Basic data structures might not always suffice for complex problems. For instance, tasks like implementing a prefix-based search for a phone contact list or finding a dictionary word from a jumbled sequence of characters require advanced data structures. These include TST, Trie, Suffix Tree, Suffix Array, Fibonacci Heap, Segment Tree, Gap Buffer, Rope, Skip List, and K-Dimensional Tree, among others. While learning to implement these is essential, it’s equally important to know when to use each one.
Problem-Solving
You may know data structures, but knowing when and how to use them is key. Problem-solving is about dividing a problem into smaller modules, solving each module, and then combining them. For example, consider LinkedIn’s “degree of connection” feature. How would you implement it? Does your solution handle scalability when user numbers increase tenfold? These are critical questions top companies are interested in. How you approach and break down a problem is often more important than the code itself.
Dynamic Programming (DP)
Dynamic programming deserves its own mention due to its complexity. Even with experience, a new DP problem can still surprise you. The more you practice, the better you’ll recognize patterns. Google, in particular, often asks DP problems during interviews, so it’s essential to master them. GeeksforGeeks and TopCoder are great places to practice dynamic programming.
Competitive Programming
Participating in competitive programming is an excellent way to improve your problem-solving skills and perform under time pressure. Engage with platforms like TopCoder, CodeChef, and SPOJ. Competitive programming helps sharpen your skills for real-world scenarios and interviews.
Design and Testing
Being proficient in DS and algorithms is crucial, but applying them in real-world scenarios is the next step. Vague problem statements require discussion and thoughtful design. For instance, how would you design a redo-undo feature? What data structures would you use to store web browser history? How would you implement an auto-complete feature? Consider scalability, concurrency issues, and performance. These are the types of questions that distinguish a good developer from a great one.

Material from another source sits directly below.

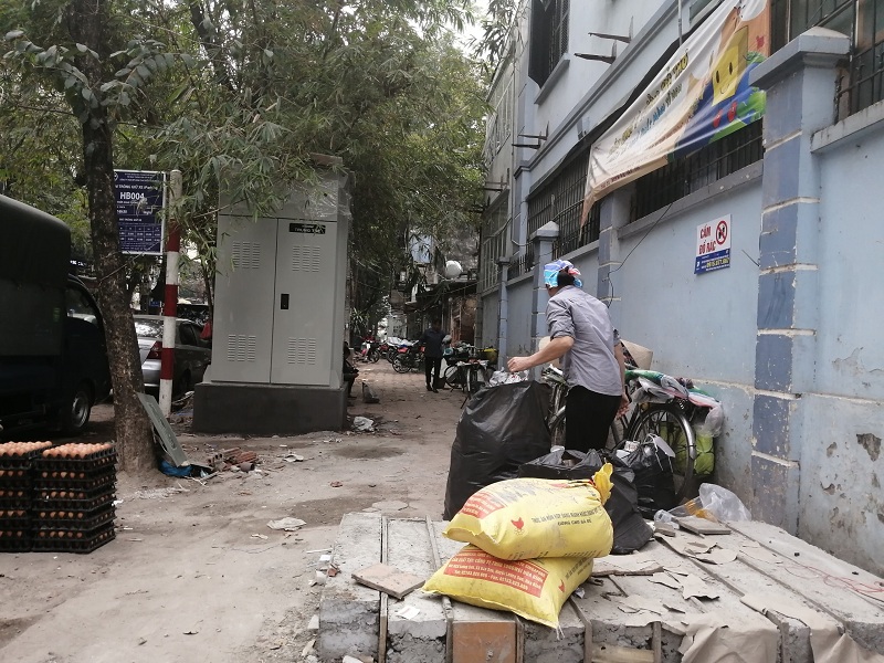 Chủ nhà ngang nhiên lấn chiếm vỉa hè, lòng đường để tập kết phế liệu, đồng nát, sắt vụn, vật liệu có nguy cơ cháy nổ… đe dọa tới cuộc sống sinh hoạt của người dân. Các vật liệu dễ bắt cháy được bày la liệt xung quanh như: tấm xốp, bìa cát tông, bình khí nén… gây mất an toàn trong việc di chuyển cũng như đe dọa tính mạng khi hỏa hoạn xảy ra.
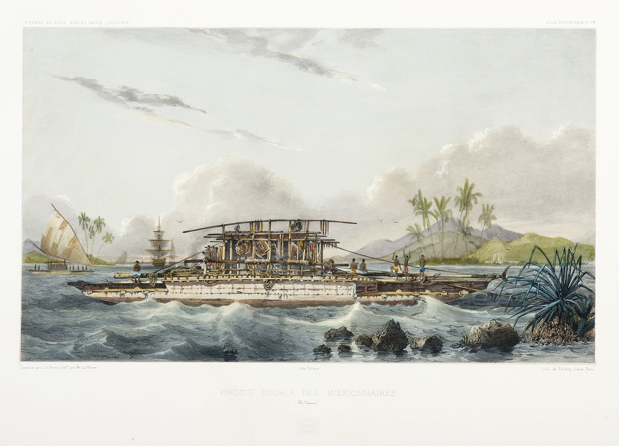 Superb lithograph of a missionary boat using the Tongan double canoe design with Dumont D’Urville’s ships, l’Astrolabe and Zélée at anchor in the background in Utu Vavaʻu by Louis le Breton (1818-1866).

Testing is another critical aspect. Think of corner cases, such as YouTube’s infamous integer overflow bug in its view count. When writing code, always consider potential edge cases and design your tests to cover them. Writing robust code early prevents bugs later and improves your chances of success in interviews.
What Else?
In addition to coding skills, having a sound understanding of operating systems, networking, and database management systems (DBMS) is vital. The Operating System Concepts book by Galvin is a good resource for OS fundamentals.
Resume Building
Your resume is your first impression, so make it count. HR typically spends 20 seconds to 2 minutes scanning resumes. Keep it clean, concise, and elegant. If you have less than one year of experience, keep it to one page.
Key points:
• Include a header with your name, email, address, and contact number.
• Mention your proficiency level in each language (e.g., Proficient in C, familiar with Java).
• For projects, highlight key learnings, team impact, and, if applicable, provide a link to the project.
Do’s and Don’ts
• Do: Practice, write clean and readable code, handle all corner cases, and use pen and paper to practice code since interviews often lack compilers.
• Don’t: Memorize solutions or use obscure variable names. Think through multiple solutions and consider their trade-offs.